======== Task material

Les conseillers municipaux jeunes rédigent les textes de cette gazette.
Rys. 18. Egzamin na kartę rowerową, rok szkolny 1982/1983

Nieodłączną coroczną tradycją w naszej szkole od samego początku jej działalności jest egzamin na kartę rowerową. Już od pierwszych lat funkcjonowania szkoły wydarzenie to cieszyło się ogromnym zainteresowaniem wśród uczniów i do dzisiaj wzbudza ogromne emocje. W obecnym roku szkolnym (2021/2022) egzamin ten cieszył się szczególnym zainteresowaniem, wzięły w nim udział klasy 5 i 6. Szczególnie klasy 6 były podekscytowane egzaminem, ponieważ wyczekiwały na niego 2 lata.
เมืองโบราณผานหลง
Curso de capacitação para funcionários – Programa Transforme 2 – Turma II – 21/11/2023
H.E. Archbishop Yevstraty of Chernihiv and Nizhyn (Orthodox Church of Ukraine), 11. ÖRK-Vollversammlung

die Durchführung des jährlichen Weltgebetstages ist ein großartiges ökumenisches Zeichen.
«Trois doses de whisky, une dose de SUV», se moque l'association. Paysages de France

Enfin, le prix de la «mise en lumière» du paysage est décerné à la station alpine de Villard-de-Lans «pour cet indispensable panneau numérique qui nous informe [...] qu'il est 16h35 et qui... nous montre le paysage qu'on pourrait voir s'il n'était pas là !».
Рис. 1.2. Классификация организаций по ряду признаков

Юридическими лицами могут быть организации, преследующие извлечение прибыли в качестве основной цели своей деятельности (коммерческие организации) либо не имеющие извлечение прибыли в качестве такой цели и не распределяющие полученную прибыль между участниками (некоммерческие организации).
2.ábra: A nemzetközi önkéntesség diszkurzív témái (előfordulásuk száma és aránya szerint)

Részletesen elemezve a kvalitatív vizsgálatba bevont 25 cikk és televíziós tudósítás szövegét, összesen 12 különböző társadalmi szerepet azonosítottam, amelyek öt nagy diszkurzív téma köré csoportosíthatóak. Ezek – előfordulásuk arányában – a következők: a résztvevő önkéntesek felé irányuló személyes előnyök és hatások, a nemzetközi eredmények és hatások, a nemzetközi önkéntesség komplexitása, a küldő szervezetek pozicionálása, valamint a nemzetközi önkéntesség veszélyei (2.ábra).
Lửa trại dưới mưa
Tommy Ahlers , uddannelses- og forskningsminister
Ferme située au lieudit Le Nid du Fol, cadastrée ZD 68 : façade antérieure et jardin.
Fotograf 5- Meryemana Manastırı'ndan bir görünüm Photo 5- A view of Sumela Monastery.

================

=== Work instruction ===
Where a line of the data above includes the string "önkéntesség", pull it out.

=== Expected answer ===
2.ábra: A nemzetközi önkéntesség diszkurzív témái (előfordulásuk száma és aránya szerint)
Részletesen elemezve a kvalitatív vizsgálatba bevont 25 cikk és televíziós tudósítás szövegét, összesen 12 különböző társadalmi szerepet azonosítottam, amelyek öt nagy diszkurzív téma köré csoportosíthatóak. Ezek – előfordulásuk arányában – a következők: a résztvevő önkéntesek felé irányuló személyes előnyök és hatások, a nemzetközi eredmények és hatások, a nemzetközi önkéntesség komplexitása, a küldő szervezetek pozicionálása, valamint a nemzetközi önkéntesség veszélyei (2.ábra).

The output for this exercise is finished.